Intersexuels mis à part, on naît bel et bien fille, et l’on devient femme
(ou pas) ; on naît bel et bien garçon, et l’on devient homme (ou pas).
Concédons toutefois quelques nuances. Au bout du bout, c’est certain, tout
est construction, puisque « l’être humain est capable de court-circuiter les
programmes biologiques dépendants des hormones », comme le rappelle
Catherine Vidal. « Chez nous, poursuit la neurobiologiste, aucun instinct ne
s’exprime à l’état brut. La faim, la soif ou le désir sexuel sont certes ancrés
dans la biologie, mais leurs modes d’expression sont contrôlés par la culture
et les normes sociales. Nos comportements relèvent d’abord et avant tout de
constructions mentales. »
Cependant, il y a du masculin et du féminin dans la rue. Et pas
uniquement là, mais dans la vie de tous les jours – n’en déplaise aux Lee
Edelman, Judith Butler, Tim Dean et consorts : à l’école, dans l’entreprise,
dans la culture, au cinéma, dans la littérature, dans la langue, dans
l’orthographe, jusque dans les WC, les boîtes de nuit, les bateaux qui
coulent et (divine horreur !) les maternités.
Il ne s’agit pas d’un vaste complot fomenté par des hétéros sexistes
contre les lauréats du Brudner Prize, mais de la réalité quotidienne. Et la
mutation dont nous parlerons est infiniment plus modeste que la révolution
queer, ce Grand Soir où les androgynes, les transgenres et les femmes à
moustaches triompheront du XX et du XY.
Si donc, « à l’évidence, prétendre que c’est la testostérone qui fait les
hommes compétitifs et agressifs tandis que les œstrogènes rendent les
femmes émotives et sociables, relève d’une vision simpliste, bien loin de la
réalité biologique », il n’en reste pas moins qu’une femme n’est pas un
homme et qu’un homme n’est pas une femme aux yeux de nos sociétés.

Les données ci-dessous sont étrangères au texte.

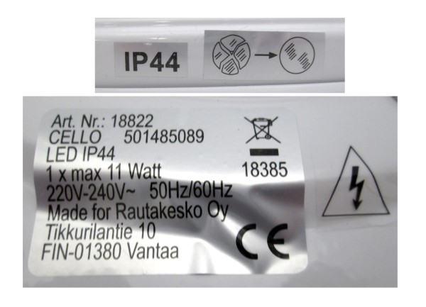 Tuote ei täytä kotelointiluokan IPX4 (roiskevesikoe) vaatimuksia. Tuote ei täytä sähköturvallisuuslain (1135/2016) eikä tuotetta koskevan eurooppalaisen harmonisoidun standardin EN 60598 vaatimuksia.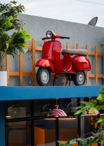 The entrance sets the tone: a vintage Sony television reflecting your face like a soft nostalgia filter. It’s playful, almost childlike, and not screaming for social media attention. The diner opens into red-blue palettes, retro warmth, and slight whimsy, a Vespa installation on the terrace, oversized coffee mugs, textured finishes, and light that doesn’t try too hard to spotlight you. Instead, it highlights the open kitchen, where dough is stretched, sauced, and charred and the quiet theatre that reminds you why you’re here.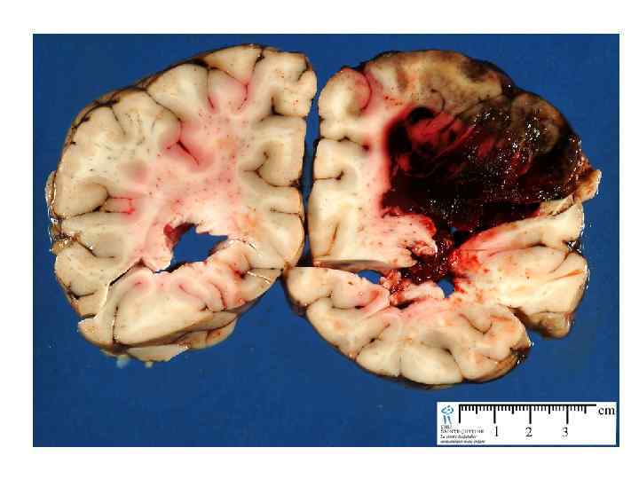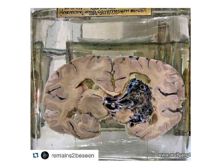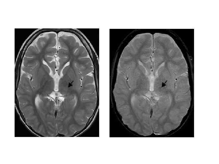 Церебральная кавернозная венозная мальформация (кавернозная гемангиома) • • 48 – 86% - в полушариях 5 – 13% сосудистых мальформаций ЦНС Манифестирует в 40 -60 лет Клиническая картина: обмороки (60%), неврологический дефицит (50%), кровоизлияния (20%), гидроцефалия (50%)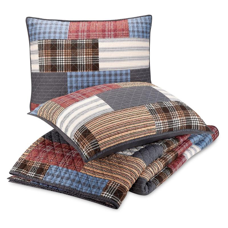 Embrace your rustic side with the Modern Heirloom Cabin Patchwork quilt set. A blend of plaids and stripes on 100% cotton brings a cozy, cabin-inspired look to your bedroom and reverses to solid grey for versatility. From Modern Heirloom.

Que
l’on cesse de nous faire croire que n’importe qui est un transsexuel
potentiel, et que les sexes sont techniquement et théoriquement modulables
à l’envi.
La libre-sexualité contrariée
J’appelle « libre-sexualité » la sexualité humaine qui se déploierait
grâce à notre niveau de liberté sexuelle sans précédent, si elle ne rencontrait
aucune résistance, aucun frein. Or, la frustration et la désincarnation sont
des obstacles de taille. La libre-sexualité est donc potentielle dans les
sociétés sexuellement libres, mais elle est loin d’être effective.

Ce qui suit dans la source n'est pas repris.